### [Dataset content]
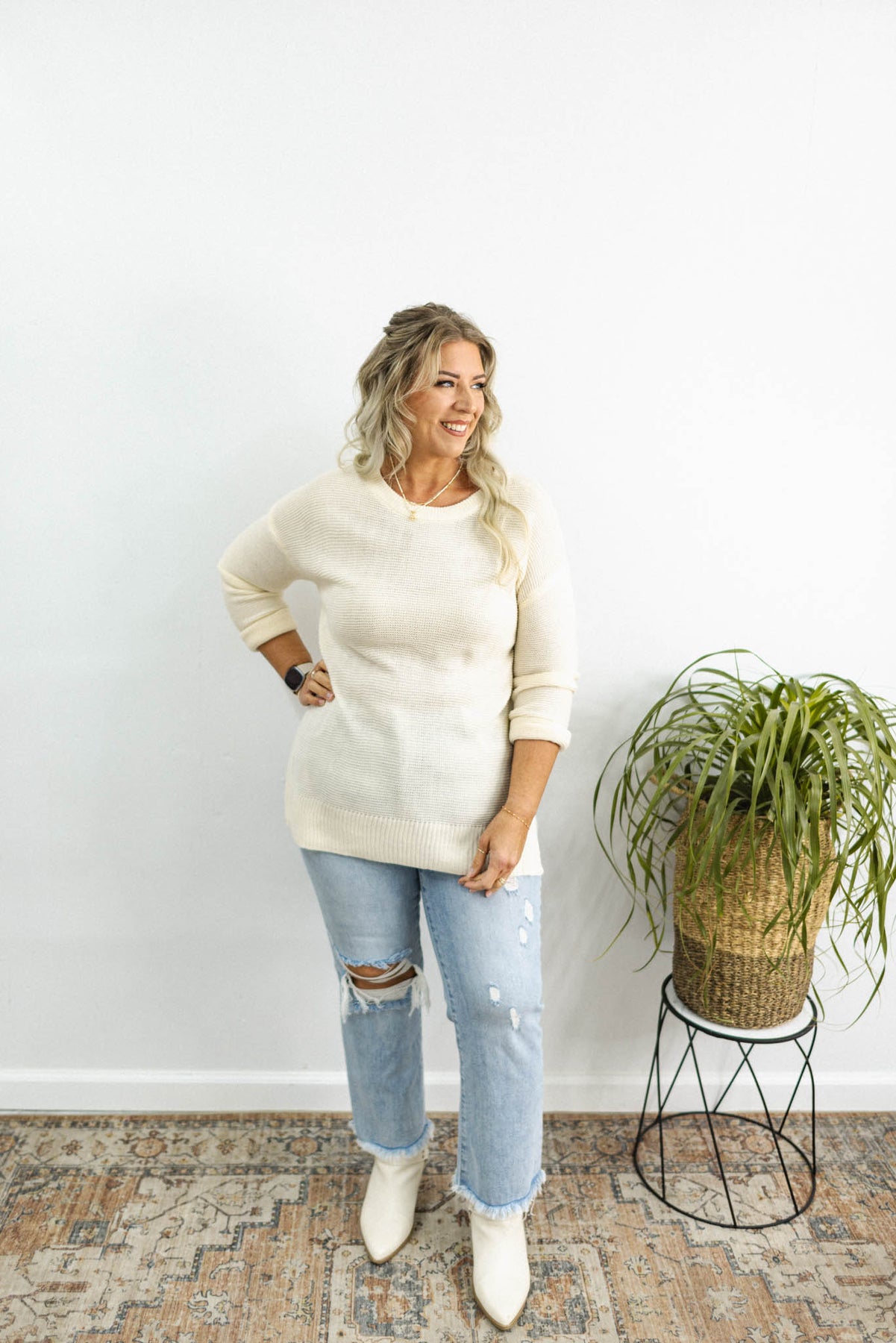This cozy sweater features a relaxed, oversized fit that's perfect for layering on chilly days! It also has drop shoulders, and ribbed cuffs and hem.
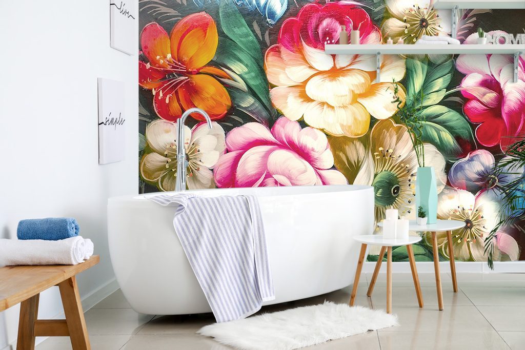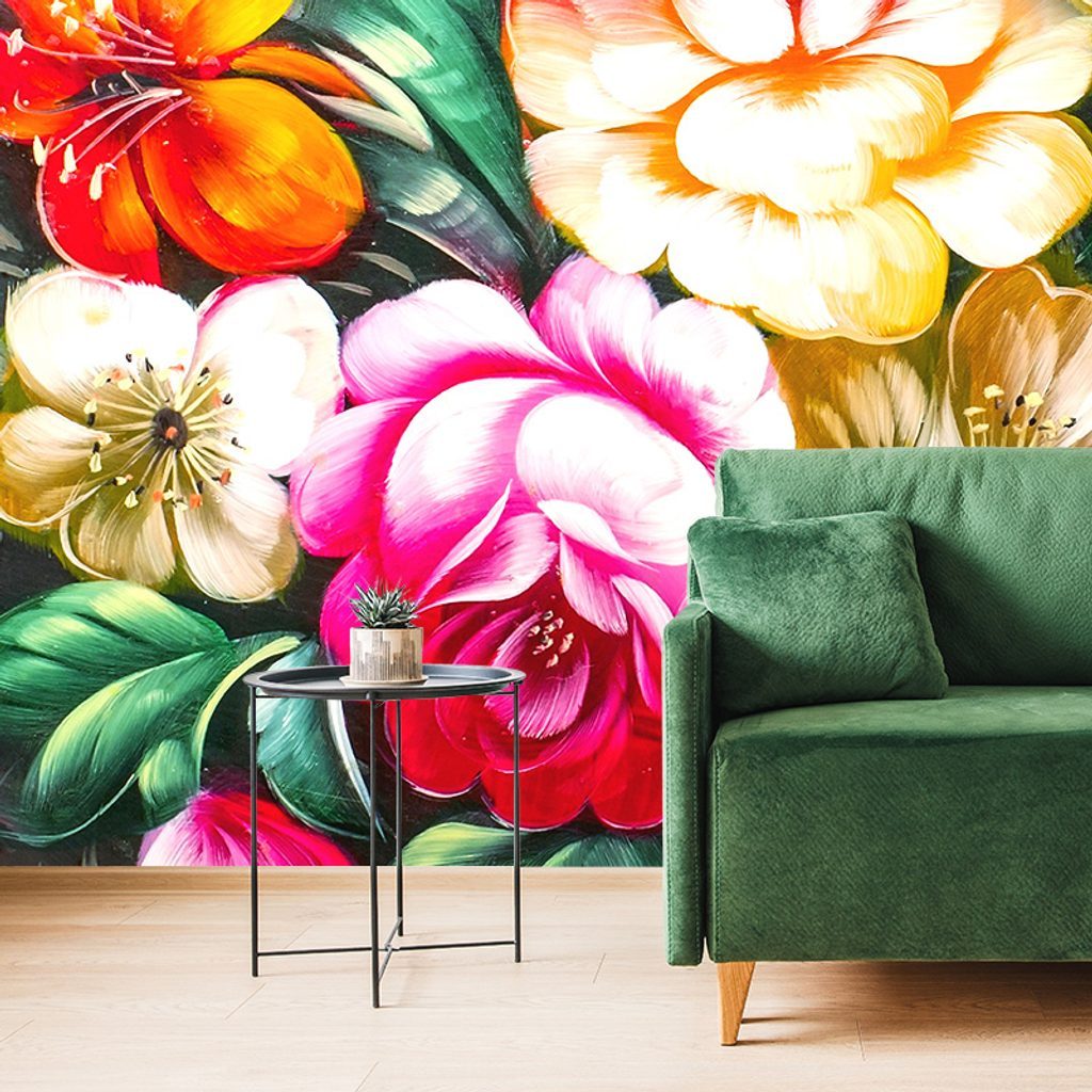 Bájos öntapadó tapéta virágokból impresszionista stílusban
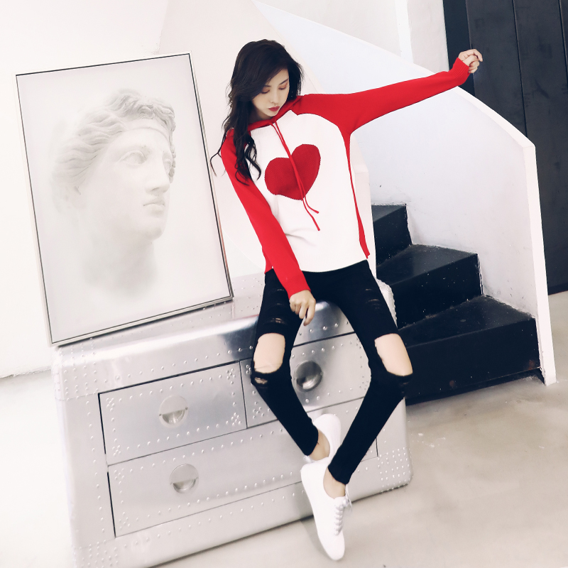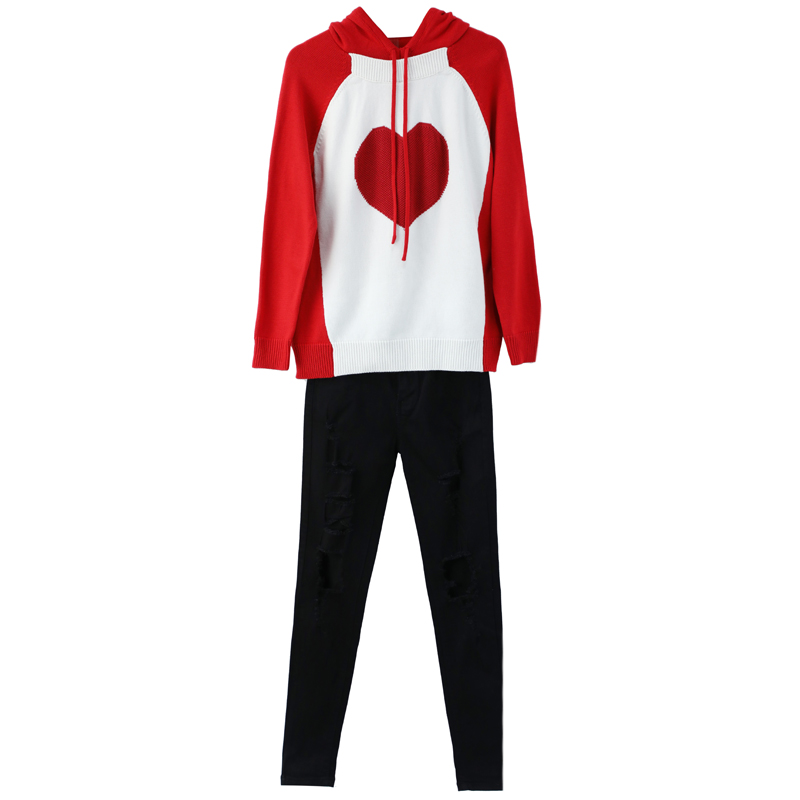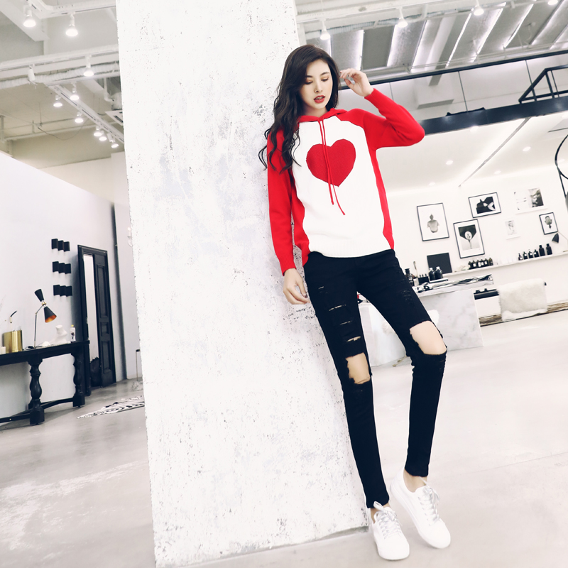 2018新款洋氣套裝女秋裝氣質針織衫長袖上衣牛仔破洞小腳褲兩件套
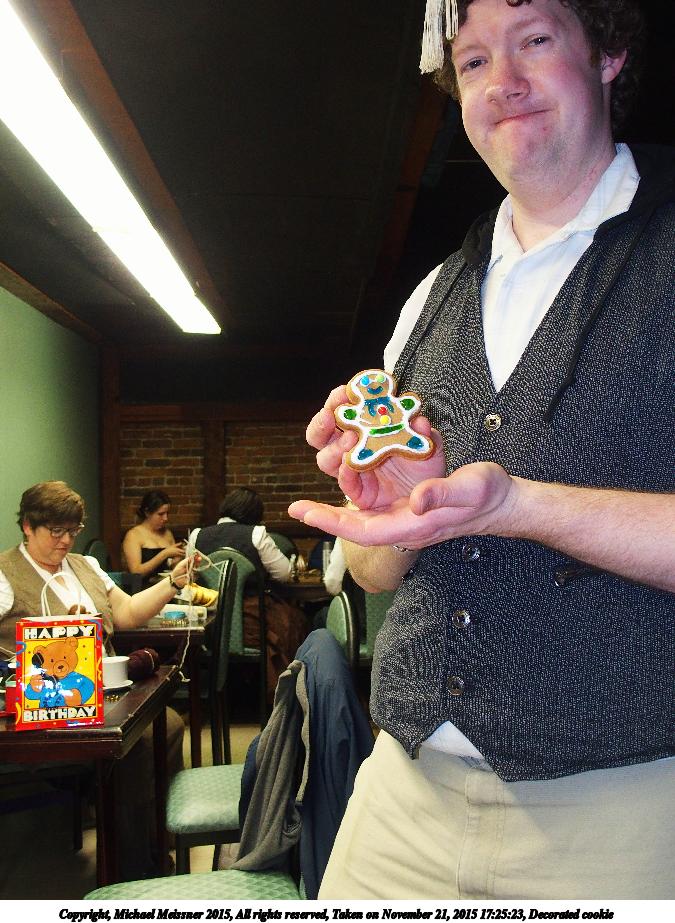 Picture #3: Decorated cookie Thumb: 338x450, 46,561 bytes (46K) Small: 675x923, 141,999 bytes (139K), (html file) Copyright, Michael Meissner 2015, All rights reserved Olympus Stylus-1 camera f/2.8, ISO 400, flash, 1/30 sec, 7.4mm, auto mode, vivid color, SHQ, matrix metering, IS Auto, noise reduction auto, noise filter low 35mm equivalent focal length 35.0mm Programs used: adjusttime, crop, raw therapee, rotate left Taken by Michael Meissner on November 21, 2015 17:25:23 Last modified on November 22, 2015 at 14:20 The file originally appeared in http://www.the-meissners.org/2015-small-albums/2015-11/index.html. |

### [Goal of the exercise]
Transcribe exactly, with no pictures, the lines running from the first line of the material through the line holding "2018新款洋氣套裝女秋裝氣質針織衫長袖上衣牛仔破洞小腳褲兩件套".

### [Result]
This cozy sweater features a relaxed, oversized fit that's perfect for layering on chilly days! It also has drop shoulders, and ribbed cuffs and hem.
 Bájos öntapadó tapéta virágokból impresszionista stílusban
 2018新款洋氣套裝女秋裝氣質針織衫長袖上衣牛仔破洞小腳褲兩件套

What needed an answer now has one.